Après cet épisode mémorable, les voix se sont multipliées parmi les économistes pour mettre en doute l’efficacité de l’austérité. Il n’est pas question d’en faire le recensement ici. On peut simplement dire, de manière certes approximative, que la profession des économistes n’est certainement pas à l’unisson derrière l’idée selon laquelle l’austérité serait souhaitable. On peut même dire que les économistes qui pensent que l’austérité serait une voie efficace pour réduire le poids relatif de l’endettement public sont probablement désormais marginaux. La raison en est assez simple. À partir du moment où il est clair que « l’équivalence ricardienne » ne s’applique pas et que l’effet multiplicateur n’est pas une vue de l’esprit, surtout pour une économie qui n’est pas au maximum de son potentiel de croissance, il n’est pas difficile de comprendre que réduire les

dépenses conduit à limiter la croissance et à limiter les recettes fiscales –surtout si le gouvernement s’emploie de surcroît à en réduire la progressivité– par un mécanisme inverse à celui décrit dans le tableau 5. L’austérité nourrit la stagnation, et réciproquement. Elle ne permet pas de « consolider » les finances publiques, elle ne permet pas de réduire le poids relatif de la dette publique.

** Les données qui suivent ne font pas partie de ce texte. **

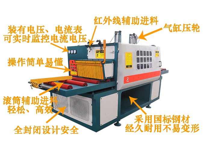 2.上壓料裝置采用氣缸壓輪,同時具有容易調(diào)節(jié)加工厚度,運行穩(wěn)定,故障率低的優(yōu)點。

Au moment où le gouvernement de la France a choisi en 2010 de repasser à l’austérité, alors que le pays se remettait tout juste de la crise mondiale, la dette publique était à 85 % du PIB, dix ans plus tard elle est à 100 %, le taux de croissance de l’investissement moyen est devenu négatif, le stock d’actifs publics s’est mis à stagner, voire à diminuer, et la croissance moyenne sur la décennie 2010 a été la plus basse que nous n’ayons jamais eue alors même que la transition vers une économie circulaire est à peine entamée. Dans une revue de la littérature sur les outils de politique

économique mobilisables par les gouvernements pour orienter les économies sur une trajectoire décarbonée, deux économistes du FMI soulignent que les dispositifs de marché sont incapables de répondre à ce défi. Ils estiment qu’une politique macroéconomique et financière volontariste est impérative et soulignent que l’investissement public en est l’un des principaux outils (Krogstrup et Oman, 2019, Oman, 2019). Le tableau 6 montre que la décennie 2010 fait moins bien en terme de croissance que la décennie 2000 malgré une stagnation en 2008 et une terrible récession en 2009 (- 2,9%).

L’austérité n’a pas amélioré les finances publiques mais a plombé la croissance, avec toutes les

conséquences que l’on sait sur la persistance du chômage et l’approfondissement de la précarité. Malgré cette faible activité interne et malgré les baisses de cotisations sociales et le CICE accordés aux entreprises françaises au nom de la compétitivité, le solde des échanges extérieurs (biens et

services) s’est certes un peu amélioré mais il demeure négatif64. Que faut-il de plus pour convaincre

que cette politique est une impasse ? Combien de temps encore doit-on continuer à faire la même chose tout en sachant que cela ne marche pas ?

Cette évidence est partagée tellement largement que plusieurs économistes du FMI, avec l’aval de Blanchard qui était alors son économiste en chef, se sont inquiétés dès 2015 de l’effet délétère de ces politiques sur l’investissement public (Ostry et al., 2015). Ils constatent l’érosion des

patrimoines publics et suggèrent que le « néolibéralisme » n’est pas à même d’apporter une solution au problème posé (Ostry et al., 2016).

Conclusion intermédiaire

1. L’austérité budgétaire ne marche pas.

2. Les « erreurs » reconnues coup sur coup début 2013 d’abord par les économistes du FMI, à propos de la sous-évaluation systématique des multiplicateurs, puis par Reinhart et Rogoff, à propos du seuil de dette publique prétendument fatidique à 90 % pour la croissance,

montrent que les fondements scientifiques des politiques dites de « consolidation » étaient bien minces.